--- TO DO ---
Return verbatim the run of lines that opens with the line holding "Set with 5 rows" and closes with the last line of the records.
━━ SUPPLIED RECORDS
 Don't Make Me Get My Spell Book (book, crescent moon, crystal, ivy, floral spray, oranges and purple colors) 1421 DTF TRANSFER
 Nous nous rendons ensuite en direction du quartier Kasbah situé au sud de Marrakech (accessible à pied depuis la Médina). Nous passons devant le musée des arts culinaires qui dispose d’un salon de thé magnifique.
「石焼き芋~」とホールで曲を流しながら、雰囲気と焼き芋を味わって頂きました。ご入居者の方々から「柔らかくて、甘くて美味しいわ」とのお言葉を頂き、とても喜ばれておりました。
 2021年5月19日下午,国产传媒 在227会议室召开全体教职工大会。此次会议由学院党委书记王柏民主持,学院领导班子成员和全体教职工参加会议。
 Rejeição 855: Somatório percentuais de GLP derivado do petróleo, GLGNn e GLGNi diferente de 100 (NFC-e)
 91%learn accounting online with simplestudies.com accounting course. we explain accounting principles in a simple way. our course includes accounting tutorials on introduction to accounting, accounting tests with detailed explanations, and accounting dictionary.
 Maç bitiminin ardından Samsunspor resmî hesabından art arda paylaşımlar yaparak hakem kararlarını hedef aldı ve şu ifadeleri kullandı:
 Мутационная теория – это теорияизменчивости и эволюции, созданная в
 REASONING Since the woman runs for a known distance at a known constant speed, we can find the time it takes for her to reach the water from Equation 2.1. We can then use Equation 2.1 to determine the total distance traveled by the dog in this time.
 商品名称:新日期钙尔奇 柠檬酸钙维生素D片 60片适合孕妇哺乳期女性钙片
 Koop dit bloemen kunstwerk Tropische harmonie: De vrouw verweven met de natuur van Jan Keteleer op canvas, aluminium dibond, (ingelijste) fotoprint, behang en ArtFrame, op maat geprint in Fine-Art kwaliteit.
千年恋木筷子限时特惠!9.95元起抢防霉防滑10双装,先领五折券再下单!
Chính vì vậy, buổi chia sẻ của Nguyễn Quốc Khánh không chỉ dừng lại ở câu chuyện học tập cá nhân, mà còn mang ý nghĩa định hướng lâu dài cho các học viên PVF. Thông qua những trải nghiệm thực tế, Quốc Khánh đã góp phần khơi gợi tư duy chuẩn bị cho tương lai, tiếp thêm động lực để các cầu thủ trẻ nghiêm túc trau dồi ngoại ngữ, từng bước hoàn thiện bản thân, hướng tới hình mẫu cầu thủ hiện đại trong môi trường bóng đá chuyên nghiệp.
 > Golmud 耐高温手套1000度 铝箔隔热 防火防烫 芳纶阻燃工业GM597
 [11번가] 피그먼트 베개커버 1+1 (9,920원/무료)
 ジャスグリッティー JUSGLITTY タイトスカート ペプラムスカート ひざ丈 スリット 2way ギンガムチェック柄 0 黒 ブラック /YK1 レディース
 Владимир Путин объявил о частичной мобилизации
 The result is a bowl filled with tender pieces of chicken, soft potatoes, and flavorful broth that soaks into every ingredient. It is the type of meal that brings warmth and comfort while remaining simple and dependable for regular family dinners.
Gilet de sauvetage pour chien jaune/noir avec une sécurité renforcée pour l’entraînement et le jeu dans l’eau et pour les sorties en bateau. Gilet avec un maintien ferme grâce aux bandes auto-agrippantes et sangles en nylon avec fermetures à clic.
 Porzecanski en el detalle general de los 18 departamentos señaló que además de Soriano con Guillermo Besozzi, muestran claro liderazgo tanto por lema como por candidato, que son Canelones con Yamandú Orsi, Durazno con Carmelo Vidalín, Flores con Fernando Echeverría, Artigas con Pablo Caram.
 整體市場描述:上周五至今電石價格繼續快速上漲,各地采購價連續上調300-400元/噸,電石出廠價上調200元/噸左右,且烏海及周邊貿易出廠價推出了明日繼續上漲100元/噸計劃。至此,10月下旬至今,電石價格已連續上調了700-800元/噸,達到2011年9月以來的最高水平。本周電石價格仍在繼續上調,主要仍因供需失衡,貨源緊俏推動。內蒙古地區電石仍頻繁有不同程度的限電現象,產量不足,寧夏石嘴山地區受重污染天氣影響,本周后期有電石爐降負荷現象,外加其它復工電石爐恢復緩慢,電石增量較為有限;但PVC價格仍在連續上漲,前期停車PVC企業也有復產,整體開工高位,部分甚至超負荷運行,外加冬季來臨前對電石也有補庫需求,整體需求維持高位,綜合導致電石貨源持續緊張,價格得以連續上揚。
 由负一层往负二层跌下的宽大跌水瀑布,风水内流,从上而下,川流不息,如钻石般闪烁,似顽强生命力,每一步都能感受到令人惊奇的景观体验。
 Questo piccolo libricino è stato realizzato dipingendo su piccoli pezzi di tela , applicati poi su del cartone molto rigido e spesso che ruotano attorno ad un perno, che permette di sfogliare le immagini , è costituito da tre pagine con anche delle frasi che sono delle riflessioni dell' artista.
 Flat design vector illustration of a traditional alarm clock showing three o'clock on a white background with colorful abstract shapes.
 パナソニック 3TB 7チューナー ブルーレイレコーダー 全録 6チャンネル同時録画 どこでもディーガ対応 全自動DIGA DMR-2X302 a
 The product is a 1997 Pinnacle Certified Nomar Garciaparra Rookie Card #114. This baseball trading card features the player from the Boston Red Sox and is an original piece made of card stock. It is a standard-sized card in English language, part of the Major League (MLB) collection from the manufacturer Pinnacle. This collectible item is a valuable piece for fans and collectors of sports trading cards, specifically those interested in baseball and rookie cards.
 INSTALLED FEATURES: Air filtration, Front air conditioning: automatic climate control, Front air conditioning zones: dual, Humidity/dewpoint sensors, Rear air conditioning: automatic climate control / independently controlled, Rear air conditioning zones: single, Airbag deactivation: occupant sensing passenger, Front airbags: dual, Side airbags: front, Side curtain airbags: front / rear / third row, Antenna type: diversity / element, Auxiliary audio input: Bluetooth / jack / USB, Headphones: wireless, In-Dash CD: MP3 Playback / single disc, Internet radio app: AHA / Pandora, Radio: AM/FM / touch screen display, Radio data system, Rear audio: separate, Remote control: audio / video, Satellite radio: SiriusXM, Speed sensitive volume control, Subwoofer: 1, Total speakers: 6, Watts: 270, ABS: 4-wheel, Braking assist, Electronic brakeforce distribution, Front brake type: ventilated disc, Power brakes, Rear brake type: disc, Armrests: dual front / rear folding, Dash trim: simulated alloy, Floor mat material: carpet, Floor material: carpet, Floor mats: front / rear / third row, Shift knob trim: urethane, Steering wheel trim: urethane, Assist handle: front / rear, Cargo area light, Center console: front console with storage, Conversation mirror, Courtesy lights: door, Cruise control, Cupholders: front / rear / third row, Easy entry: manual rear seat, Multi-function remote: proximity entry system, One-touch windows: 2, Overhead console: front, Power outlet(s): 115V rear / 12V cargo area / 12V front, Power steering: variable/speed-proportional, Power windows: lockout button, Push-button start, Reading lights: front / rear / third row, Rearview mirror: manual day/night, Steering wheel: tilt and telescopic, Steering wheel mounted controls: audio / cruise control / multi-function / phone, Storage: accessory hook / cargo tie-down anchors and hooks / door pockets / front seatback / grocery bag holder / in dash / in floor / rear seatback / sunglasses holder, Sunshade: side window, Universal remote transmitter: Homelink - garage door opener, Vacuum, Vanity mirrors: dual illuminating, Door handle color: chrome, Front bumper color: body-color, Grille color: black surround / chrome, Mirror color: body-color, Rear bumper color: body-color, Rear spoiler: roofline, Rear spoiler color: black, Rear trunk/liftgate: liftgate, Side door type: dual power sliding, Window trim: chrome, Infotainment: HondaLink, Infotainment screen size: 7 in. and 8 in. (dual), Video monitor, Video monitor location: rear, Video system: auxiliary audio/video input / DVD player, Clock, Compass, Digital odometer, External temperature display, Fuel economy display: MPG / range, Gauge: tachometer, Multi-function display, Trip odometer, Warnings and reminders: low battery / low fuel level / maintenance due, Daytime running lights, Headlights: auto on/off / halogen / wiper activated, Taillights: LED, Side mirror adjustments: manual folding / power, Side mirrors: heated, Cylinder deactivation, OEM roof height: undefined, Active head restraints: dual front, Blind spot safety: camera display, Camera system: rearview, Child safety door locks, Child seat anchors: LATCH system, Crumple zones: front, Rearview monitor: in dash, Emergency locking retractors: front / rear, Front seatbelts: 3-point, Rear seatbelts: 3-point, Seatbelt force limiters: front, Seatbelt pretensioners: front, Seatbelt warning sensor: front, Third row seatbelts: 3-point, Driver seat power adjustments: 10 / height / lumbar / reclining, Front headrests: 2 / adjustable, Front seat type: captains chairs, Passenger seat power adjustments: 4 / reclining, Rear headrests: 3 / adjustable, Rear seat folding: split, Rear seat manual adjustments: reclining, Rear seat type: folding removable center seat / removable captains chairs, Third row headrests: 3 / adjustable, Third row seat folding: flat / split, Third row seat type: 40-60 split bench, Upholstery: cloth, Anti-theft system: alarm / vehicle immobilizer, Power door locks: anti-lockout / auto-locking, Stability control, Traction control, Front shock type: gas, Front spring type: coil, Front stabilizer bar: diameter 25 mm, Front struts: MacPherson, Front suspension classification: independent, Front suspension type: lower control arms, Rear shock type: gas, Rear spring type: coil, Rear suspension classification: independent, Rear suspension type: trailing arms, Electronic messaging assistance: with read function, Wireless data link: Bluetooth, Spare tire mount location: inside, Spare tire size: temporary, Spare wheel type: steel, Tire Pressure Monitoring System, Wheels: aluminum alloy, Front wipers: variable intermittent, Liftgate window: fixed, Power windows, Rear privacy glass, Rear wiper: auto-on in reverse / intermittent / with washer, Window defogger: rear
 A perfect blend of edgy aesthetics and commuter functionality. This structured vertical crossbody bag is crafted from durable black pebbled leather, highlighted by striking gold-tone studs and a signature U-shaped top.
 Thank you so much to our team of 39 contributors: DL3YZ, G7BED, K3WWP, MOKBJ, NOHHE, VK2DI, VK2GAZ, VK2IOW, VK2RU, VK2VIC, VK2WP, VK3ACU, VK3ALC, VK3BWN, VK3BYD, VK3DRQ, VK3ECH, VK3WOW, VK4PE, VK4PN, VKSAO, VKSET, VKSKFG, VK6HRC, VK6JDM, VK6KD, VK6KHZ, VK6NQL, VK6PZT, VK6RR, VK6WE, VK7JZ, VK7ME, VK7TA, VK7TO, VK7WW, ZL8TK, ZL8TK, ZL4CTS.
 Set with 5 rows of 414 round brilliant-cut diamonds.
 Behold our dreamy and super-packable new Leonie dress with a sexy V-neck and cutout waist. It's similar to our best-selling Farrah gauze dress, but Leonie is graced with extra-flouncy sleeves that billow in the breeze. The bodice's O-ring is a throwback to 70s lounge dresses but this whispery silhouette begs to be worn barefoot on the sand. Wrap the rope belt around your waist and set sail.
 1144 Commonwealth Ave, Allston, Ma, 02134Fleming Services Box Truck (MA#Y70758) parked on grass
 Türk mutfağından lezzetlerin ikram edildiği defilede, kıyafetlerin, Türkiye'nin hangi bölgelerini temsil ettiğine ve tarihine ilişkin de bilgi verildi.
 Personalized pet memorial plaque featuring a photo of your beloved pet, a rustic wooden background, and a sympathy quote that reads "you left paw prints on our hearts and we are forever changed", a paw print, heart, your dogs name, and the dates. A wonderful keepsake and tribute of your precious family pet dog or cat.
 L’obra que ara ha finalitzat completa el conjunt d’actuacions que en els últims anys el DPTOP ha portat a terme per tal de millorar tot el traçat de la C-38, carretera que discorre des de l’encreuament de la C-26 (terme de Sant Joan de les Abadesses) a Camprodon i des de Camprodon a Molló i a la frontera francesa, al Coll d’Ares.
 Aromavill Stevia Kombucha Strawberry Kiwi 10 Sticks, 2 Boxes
━━━━
--- ANSWER TO THIS EXERCISE ---
 Set with 5 rows of 414 round brilliant-cut diamonds.
 Behold our dreamy and super-packable new Leonie dress with a sexy V-neck and cutout waist. It's similar to our best-selling Farrah gauze dress, but Leonie is graced with extra-flouncy sleeves that billow in the breeze. The bodice's O-ring is a throwback to 70s lounge dresses but this whispery silhouette begs to be worn barefoot on the sand. Wrap the rope belt around your waist and set sail.
 1144 Commonwealth Ave, Allston, Ma, 02134Fleming Services Box Truck (MA#Y70758) parked on grass
 Türk mutfağından lezzetlerin ikram edildiği defilede, kıyafetlerin, Türkiye'nin hangi bölgelerini temsil ettiğine ve tarihine ilişkin de bilgi verildi.
 Personalized pet memorial plaque featuring a photo of your beloved pet, a rustic wooden background, and a sympathy quote that reads "you left paw prints on our hearts and we are forever changed", a paw print, heart, your dogs name, and the dates. A wonderful keepsake and tribute of your precious family pet dog or cat.
 L’obra que ara ha finalitzat completa el conjunt d’actuacions que en els últims anys el DPTOP ha portat a terme per tal de millorar tot el traçat de la C-38, carretera que discorre des de l’encreuament de la C-26 (terme de Sant Joan de les Abadesses) a Camprodon i des de Camprodon a Molló i a la frontera francesa, al Coll d’Ares.
 Aromavill Stevia Kombucha Strawberry Kiwi 10 Sticks, 2 Boxes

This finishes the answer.